Work item:
With all images omitted, write out the records word for word.

[Dataset records]
************
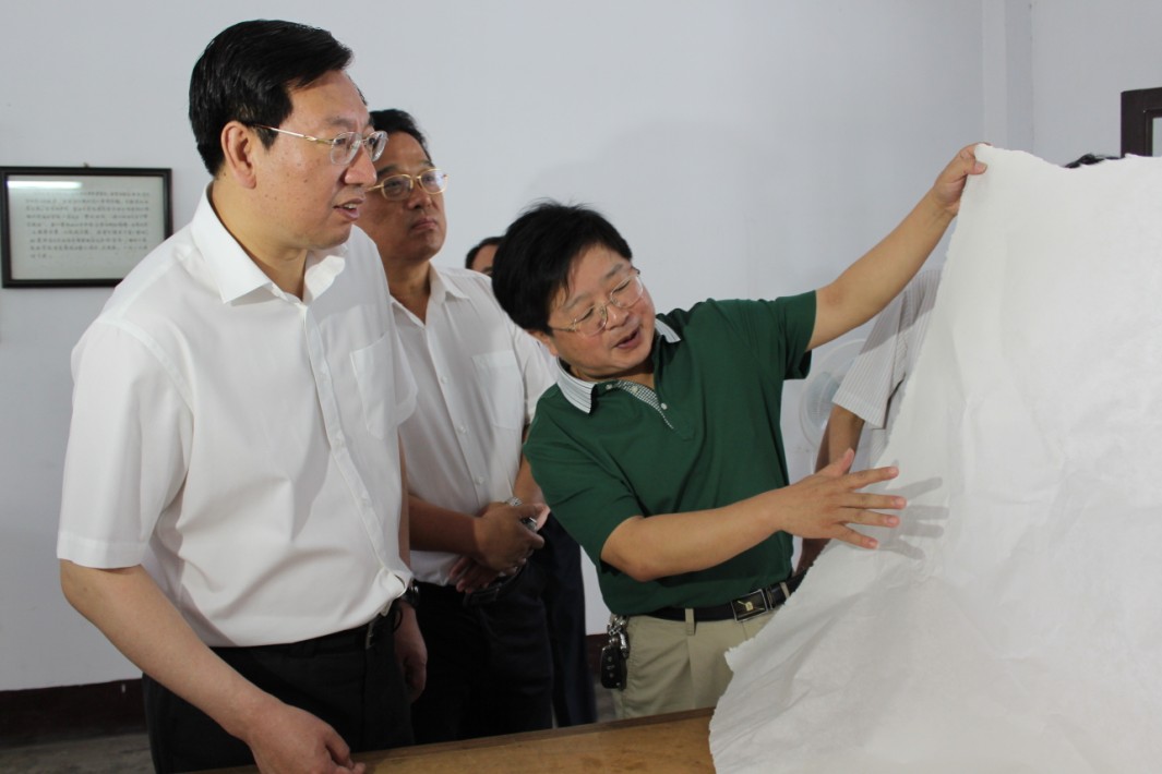 在參觀過(guò)程中,曹部長(zhǎng)詳細(xì)了解了宣紙的傳統(tǒng)制作過(guò)程以及獨(dú)特的原材料,并親自體驗(yàn)制作宣紙。胡文軍董事長(zhǎng)向就公司目前的發(fā)展?fàn)顩r以及下一步發(fā)展目標(biāo)曹部長(zhǎng)做了詳細(xì)匯報(bào)。曹部長(zhǎng)充分肯定了集團(tuán)公司近年來(lái)所取得的發(fā)展成績(jī),并指出,宣紙的傳統(tǒng)制作工藝,是人類(lèi)非物質(zhì)文化遺產(chǎn),是全世界人民共同的精神財(cái)富,宣紙集團(tuán)要充分發(fā)揮文房四寶行業(yè)龍頭作用,要在保證宣紙質(zhì)量的前提下著力提升產(chǎn)量,將傳統(tǒng)的宣紙生產(chǎn)與文化旅游相結(jié)合,積極促進(jìn)產(chǎn)業(yè)轉(zhuǎn)型,實(shí)現(xiàn)產(chǎn)業(yè)化、集團(tuán)化發(fā)展,為傳承宣紙技藝、弘揚(yáng)中華文化作更多更大貢獻(xiàn)。
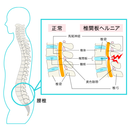 などによって刺激を受けると神経症状(痛み、しびれ)が出ます。
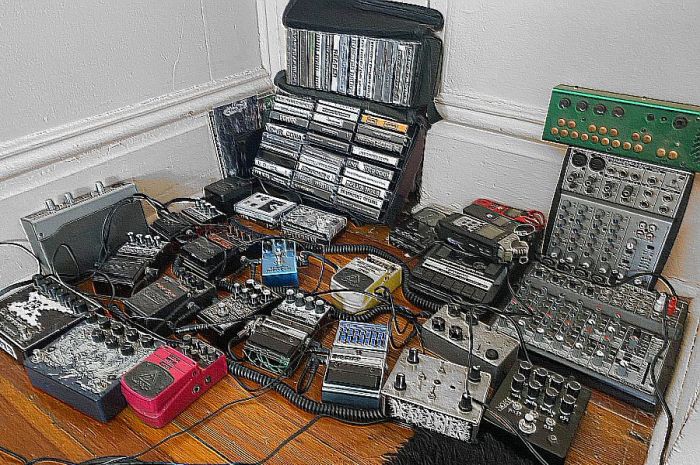 Cory: Ok soooo! Right now I’m using my Behringer Xenyx 1202FX mixer and going into it is The Great White Death Machine (Deathbed Tapes) the Noise Rumble (lefty’s Sound Lab) and my favourite the Hadron Collider (Electro Lobotomy and those three amazing contraptions going into a pretty standard 2 or three chains consisting of 2x DOD death metal FX86b, Digitech Death metal, A Boss Metal zone, a Behringer Ultra Metal, the DOD Bass Grunge FX92, a Metal Muff, a Walrus Audio DECENT, and last but not least a DOD Bass EQ FX42-b and a Behringer Bass Graphic Equalizer.
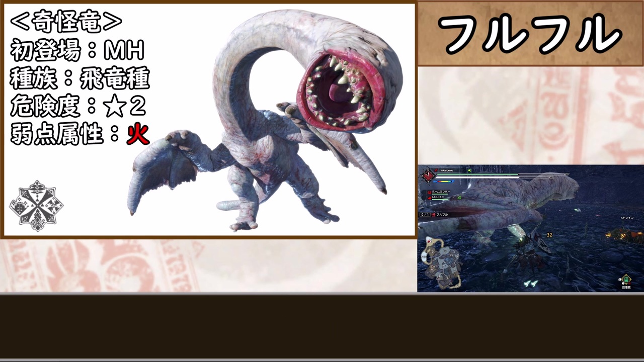 やっと「奇怪竜」という別名をもらえてよかったね。<br><br>おもしろければ「マイリスト登録」と「いいね」ボタンを押してください。<br>モチベーションがあがります。<br><br><a href="https://www.nicovideo.jp/watch/sm38665701" class="watch">sm38665701</a>←前次→<a href="https://www.nicovideo.jp/watch/sm38928477" class="watch">sm38928477</a> <br><br>Twitter→<a href="https://twitter.com/akaromio" target="_blank" rel="noopener nofollow">https://twitter.com/akaromio</a><br><br>youtube版→<a href="https://www.youtube.com/channel/UCtFhlThuS8r2uxkJBddAY1w" target="_blank" rel="noopener nofollow">https://www.youtube.com/channel/UCtFhlThuS8r2uxkJBddAY1w</a><br><br>マイリスト→<a href="https://www.nicovideo.jp/mylist/70962035" target="_blank" rel="noopener">mylist/70962035</a><br>前シリーズ→<a href="https://www.nicovideo.jp/mylist/69407997" target="_blank" rel="noopener">mylist/69407997</a><br>他のゆっくり実況→<a href="https://www.nicovideo.jp/mylist/35671399" target="_blank" rel="noopener">mylist/35671399</a><br>モンハン解説→<a href="https://www.nicovideo.jp/mylist/38484481" target="_blank" rel="noopener">mylist/38484481</a>
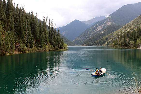 Lower Kolsai Lake’s charms are of the other kind–the paddle boat trip variety on serene silk-smooth waters hemmed in by pine-clad peaks. The lowest of a string of three lakes connected by a gushing icy river in the Kolsai Lakes National Park near the Kyrgyzstan border, it is the only one reachable by a motorable road. The other two lakes lie higher up on a hiking trail.
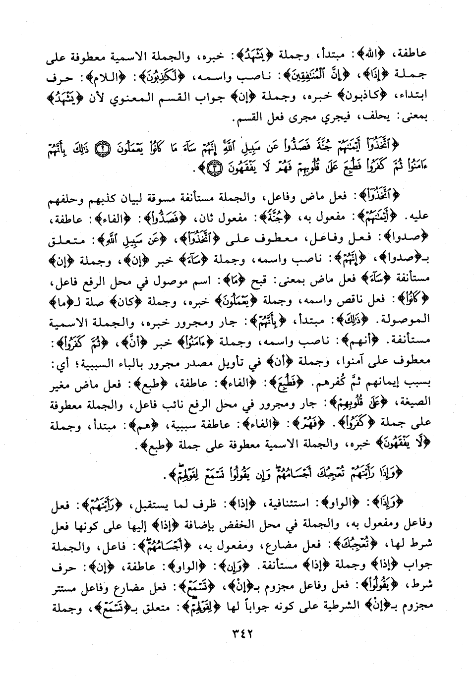 {اتَّخَذُوا}: فعل ماض وفاعل، والجملة مستأنفة مسوقة لبيان كذبهم وحلفهم عليه. {أَيْمَانَهُمْ}: مفعول به، {جُنَّةً}: مفعول ثان، {فَصَدُّوا}: {الفاء}: عاطفة، {صدوا}: فعل وفاعل، معطوف على {اتَّخَذُوا}، {عَنْ سَبِيلِ اللَّهِ}: متعلق بـ {صدوا}، {إِنَّهُمْ}: ناصب واسمه، وجملة {سَاءَ} خبر {إن}، وجملة {إن} مستأنفة {سَاءَ} فعل ماض بمعنى: قبح {مَا}: اسم موصول في محل الرفع فاعل، {كَانُوا}: فعل ناقص واسمه، وجملة {يَعْمَلُونَ} خبره، وجملة {كان} صلة لـ {ما} الموصولة. {ذَلِكَ}: مبتدأ، {بِأَنَّهُمْ}: جار ومجرور خبره، والجملة الاسمية مستأنفة. {أنهم}: ناصب واسمه، وجملة {آمَنُوا} خبر {أنَّ}، {ثُمَّ كَفَرُوا}: معطوف على آمنوا، وجملة {أن} في تأويل مصدر مجرور بالباء السببية؛ أي: بسبب إيمانهم ثمَّ كُفرهم. {فَطُبِعَ}: {الفاء}: عاطفة، {طبع}: فعل ماض مغير الصيغة، {عَلَى قُلُوبِهِمْ}: جار ومجرور في محل الرفع نائب فاعل، والجملة معطوفة على جملة {كَفَرُوا}. {فَهُمْ}: {الفاء}: عاطفة سببية، {هم}: مبتدأ، وجملة {لَا يَفْقَهُونَ} خبره، والجملة الاسمية معطوفة على جملة {طبع}.
************
Finished task:
 在參觀過(guò)程中,曹部長(zhǎng)詳細(xì)了解了宣紙的傳統(tǒng)制作過(guò)程以及獨(dú)特的原材料,并親自體驗(yàn)制作宣紙。胡文軍董事長(zhǎng)向就公司目前的發(fā)展?fàn)顩r以及下一步發(fā)展目標(biāo)曹部長(zhǎng)做了詳細(xì)匯報(bào)。曹部長(zhǎng)充分肯定了集團(tuán)公司近年來(lái)所取得的發(fā)展成績(jī),并指出,宣紙的傳統(tǒng)制作工藝,是人類(lèi)非物質(zhì)文化遺產(chǎn),是全世界人民共同的精神財(cái)富,宣紙集團(tuán)要充分發(fā)揮文房四寶行業(yè)龍頭作用,要在保證宣紙質(zhì)量的前提下著力提升產(chǎn)量,將傳統(tǒng)的宣紙生產(chǎn)與文化旅游相結(jié)合,積極促進(jìn)產(chǎn)業(yè)轉(zhuǎn)型,實(shí)現(xiàn)產(chǎn)業(yè)化、集團(tuán)化發(fā)展,為傳承宣紙技藝、弘揚(yáng)中華文化作更多更大貢獻(xiàn)。
 などによって刺激を受けると神経症状(痛み、しびれ)が出ます。
 Cory: Ok soooo! Right now I’m using my Behringer Xenyx 1202FX mixer and going into it is The Great White Death Machine (Deathbed Tapes) the Noise Rumble (lefty’s Sound Lab) and my favourite the Hadron Collider (Electro Lobotomy and those three amazing contraptions going into a pretty standard 2 or three chains consisting of 2x DOD death metal FX86b, Digitech Death metal, A Boss Metal zone, a Behringer Ultra Metal, the DOD Bass Grunge FX92, a Metal Muff, a Walrus Audio DECENT, and last but not least a DOD Bass EQ FX42-b and a Behringer Bass Graphic Equalizer.
 やっと「奇怪竜」という別名をもらえてよかったね。<br><br>おもしろければ「マイリスト登録」と「いいね」ボタンを押してください。<br>モチベーションがあがります。<br><br><a href="https://www.nicovideo.jp/watch/sm38665701" class="watch">sm38665701</a>←前次→<a href="https://www.nicovideo.jp/watch/sm38928477" class="watch">sm38928477</a> <br><br>Twitter→<a href="https://twitter.com/akaromio" target="_blank" rel="noopener nofollow">https://twitter.com/akaromio</a><br><br>youtube版→<a href="https://www.youtube.com/channel/UCtFhlThuS8r2uxkJBddAY1w" target="_blank" rel="noopener nofollow">https://www.youtube.com/channel/UCtFhlThuS8r2uxkJBddAY1w</a><br><br>マイリスト→<a href="https://www.nicovideo.jp/mylist/70962035" target="_blank" rel="noopener">mylist/70962035</a><br>前シリーズ→<a href="https://www.nicovideo.jp/mylist/69407997" target="_blank" rel="noopener">mylist/69407997</a><br>他のゆっくり実況→<a href="https://www.nicovideo.jp/mylist/35671399" target="_blank" rel="noopener">mylist/35671399</a><br>モンハン解説→<a href="https://www.nicovideo.jp/mylist/38484481" target="_blank" rel="noopener">mylist/38484481</a>
 Lower Kolsai Lake’s charms are of the other kind–the paddle boat trip variety on serene silk-smooth waters hemmed in by pine-clad peaks. The lowest of a string of three lakes connected by a gushing icy river in the Kolsai Lakes National Park near the Kyrgyzstan border, it is the only one reachable by a motorable road. The other two lakes lie higher up on a hiking trail.
 {اتَّخَذُوا}: فعل ماض وفاعل، والجملة مستأنفة مسوقة لبيان كذبهم وحلفهم عليه. {أَيْمَانَهُمْ}: مفعول به، {جُنَّةً}: مفعول ثان، {فَصَدُّوا}: {الفاء}: عاطفة، {صدوا}: فعل وفاعل، معطوف على {اتَّخَذُوا}، {عَنْ سَبِيلِ اللَّهِ}: متعلق بـ {صدوا}، {إِنَّهُمْ}: ناصب واسمه، وجملة {سَاءَ} خبر {إن}، وجملة {إن} مستأنفة {سَاءَ} فعل ماض بمعنى: قبح {مَا}: اسم موصول في محل الرفع فاعل، {كَانُوا}: فعل ناقص واسمه، وجملة {يَعْمَلُونَ} خبره، وجملة {كان} صلة لـ {ما} الموصولة. {ذَلِكَ}: مبتدأ، {بِأَنَّهُمْ}: جار ومجرور خبره، والجملة الاسمية مستأنفة. {أنهم}: ناصب واسمه، وجملة {آمَنُوا} خبر {أنَّ}، {ثُمَّ كَفَرُوا}: معطوف على آمنوا، وجملة {أن} في تأويل مصدر مجرور بالباء السببية؛ أي: بسبب إيمانهم ثمَّ كُفرهم. {فَطُبِعَ}: {الفاء}: عاطفة، {طبع}: فعل ماض مغير الصيغة، {عَلَى قُلُوبِهِمْ}: جار ومجرور في محل الرفع نائب فاعل، والجملة معطوفة على جملة {كَفَرُوا}. {فَهُمْ}: {الفاء}: عاطفة سببية، {هم}: مبتدأ، وجملة {لَا يَفْقَهُونَ} خبره، والجملة الاسمية معطوفة على جملة {طبع}.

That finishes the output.